French linguist (born 1951)

Pierre Pica (born 5 January 1951) is a research associate (Chargé de Recherche) at the National Center for Scientific Research in Paris. Associated Professor with the Brain Institute of the Federal University of Rio Grande do Norte, he is a specialist in theoretical linguistics and more specifically of comparative syntax.

==Research career==
Dr. Pica has concentrated his research on the notion of parameters in linguistic. He has also shown that the respective properties of reflexive pronouns could be derived from their morphological properties. He is currently studying the distinction between the internal and external aspects of the Faculty of language and is also working on a fine grained distinction between competence and linguistic performance.

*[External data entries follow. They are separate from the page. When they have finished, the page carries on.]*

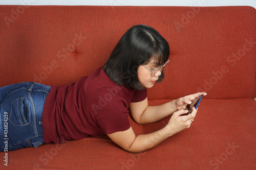 Playing mobile games on smartphone of Young beautiful Asian women dress red shirt and jeans sitting on red couch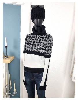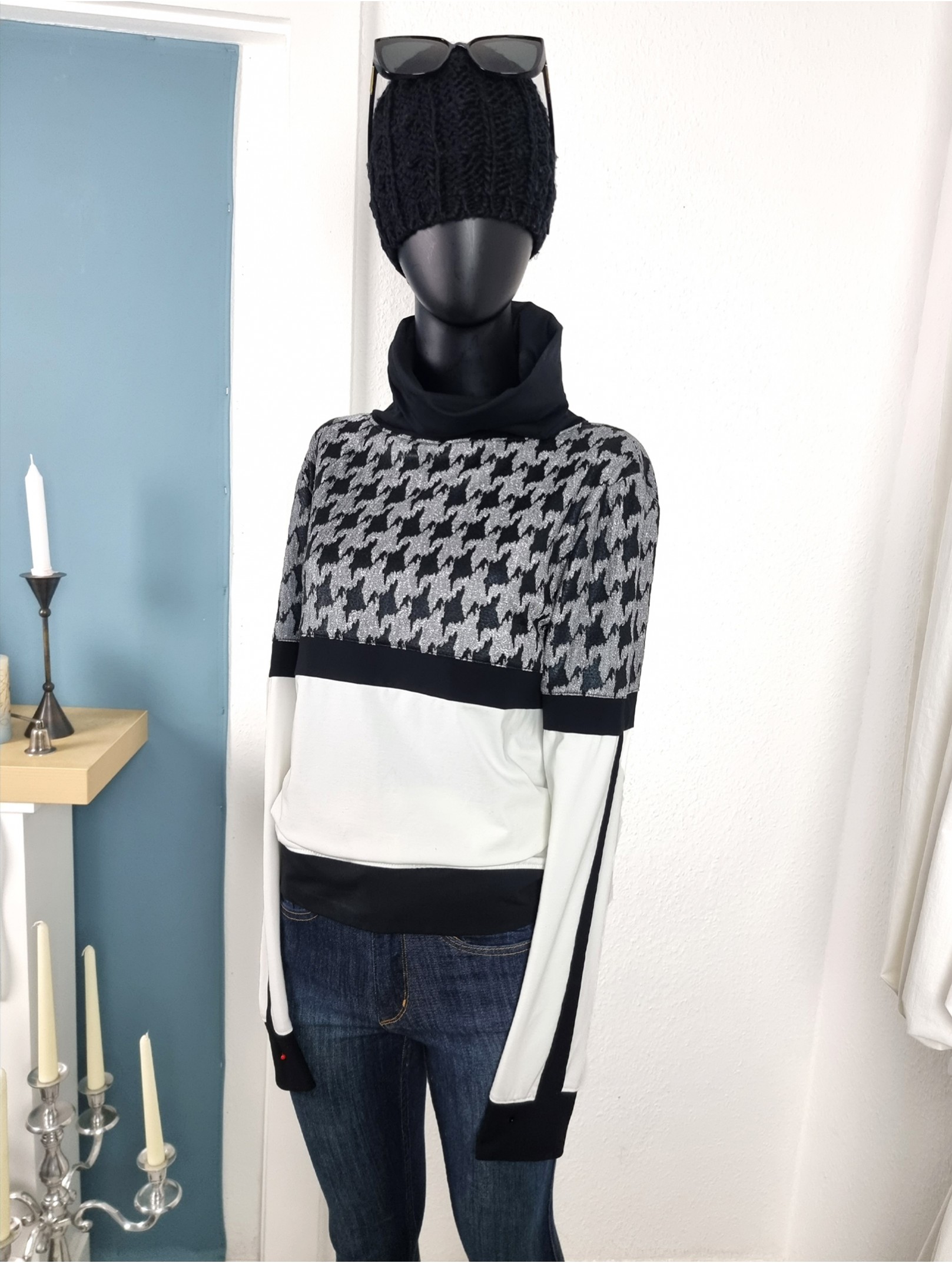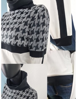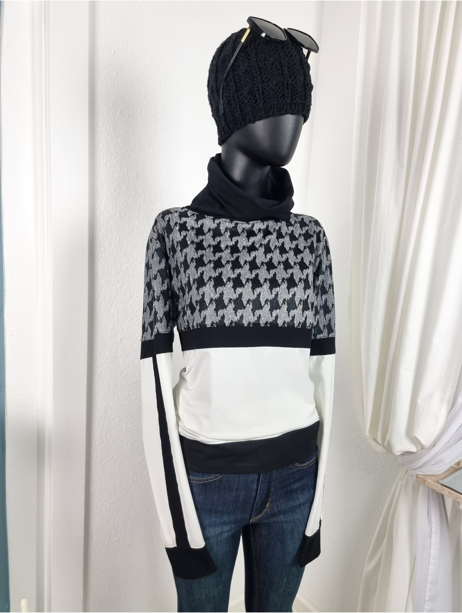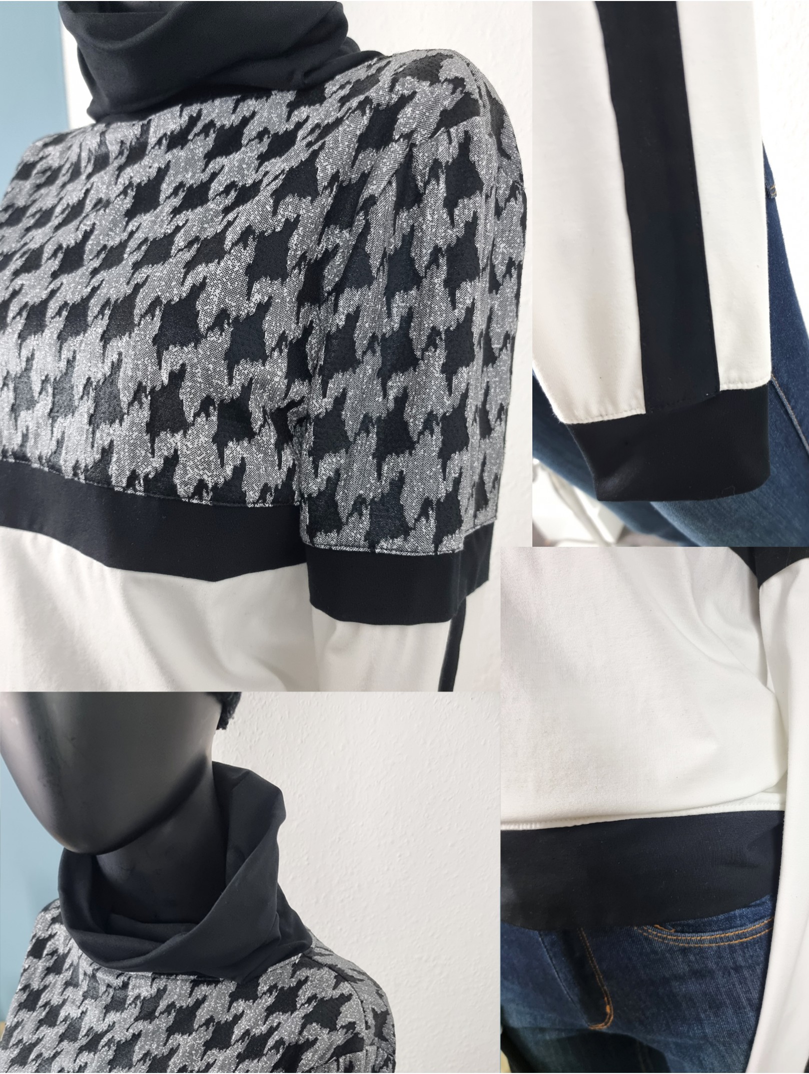 Stoffkombination aus : Weiß und Schwarz : Baumwolljersey, gemusterte Teil: Polyester - Romanit Jersey.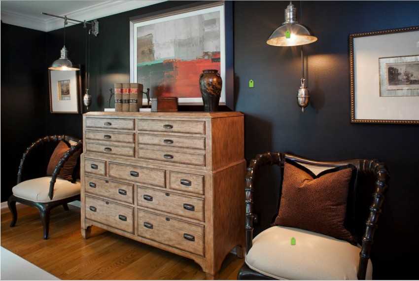 - Бюро. Множество мелких ящичков выглядит очень стильно и станет ярким акцентом в интерьере.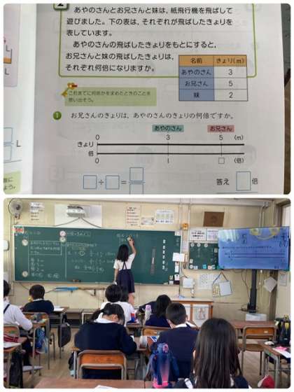 何倍になるか考えようというめあてで、あやのさんの飛ばした紙飛行機の距離をもとにお兄さんと妹の距離が何倍になっているかを調べました。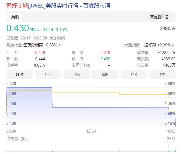 记者发现,截至2月17日(美国东部时间)收盘,聚好商城(JWEL.US)报收于0.43美元/股,跌幅3.15%,总市值1465万美元。
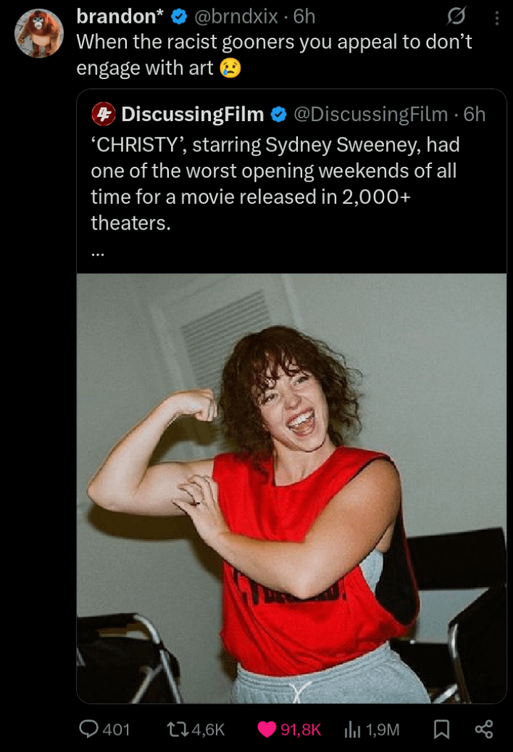 4. Granted the movie had terrible marketing. Ive never heard of it until today no lie. But it is funny how Sweeney has marketed herself as the “everyday girl with big tits”, and then people wanna act surprised when the general base of people who would support that alone don’t support this type of movie. She’s put herself into a box. You’re not going to become a serious actress with serious movie roles anytime soon and that’s her own fault really.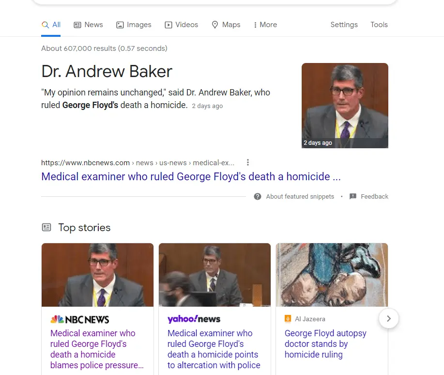 Strangely, the findings of Dr. Andrew Baker, the actual person who examined Floyd, appear to be at odds with other expert witnesses.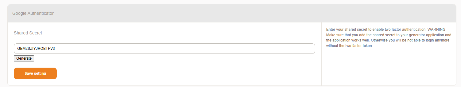 The agent or customer will log in, go to their preferences, and choose to generate or manually enter their secret (16 Characters: Capital A-Z or 0-9).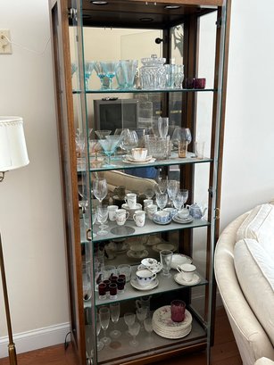 Lot 92- Mid Century Glass Curio Cabinet. No Content. 31W, 811/2H, 15D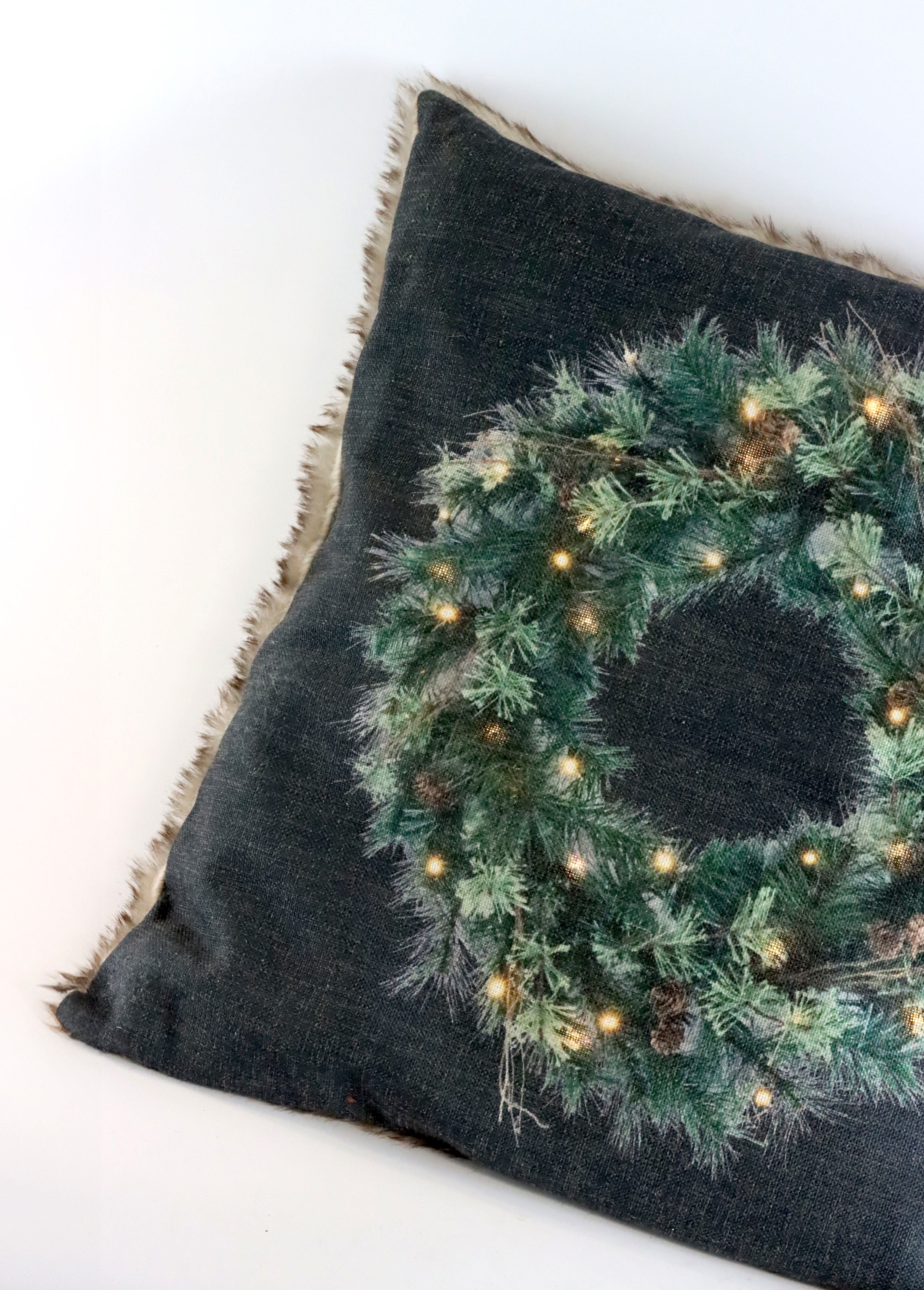 Mots-clés : housse de coussin, décoration de Noël, couronne LED, à piles, accessoires pour la maison, style de vie, ambiance de fête dans la maison.

Over the last twenty years, Pica has risen to prominence as a result of his work on Binding Theory and evidentiality. More recently he has been working on Mundurucu (an indigenous language spoken in Para (Brazil). He is currently collaborating with Stanislas Dehaene and Elizabeth Spelke in a study of numerical expressions and enumeration in Mundurucu. This research stresses the importance of these data for the study of the interaction of the Language Faculty and restricted set of pre-verbal 'core knowledge'. This research which stresses the importance of the notion of culture gap, as defined by Kenneth Hale (1975)'s seminal work, stands in opposition to the hypothesis related to relativism as derived from Sapir and Whorf in that it tends to demonstrate that knowledge, even culture, can in part be reduced to a small set of universal principles and intuitions. The research has given rise to a series of publications in Science magazine.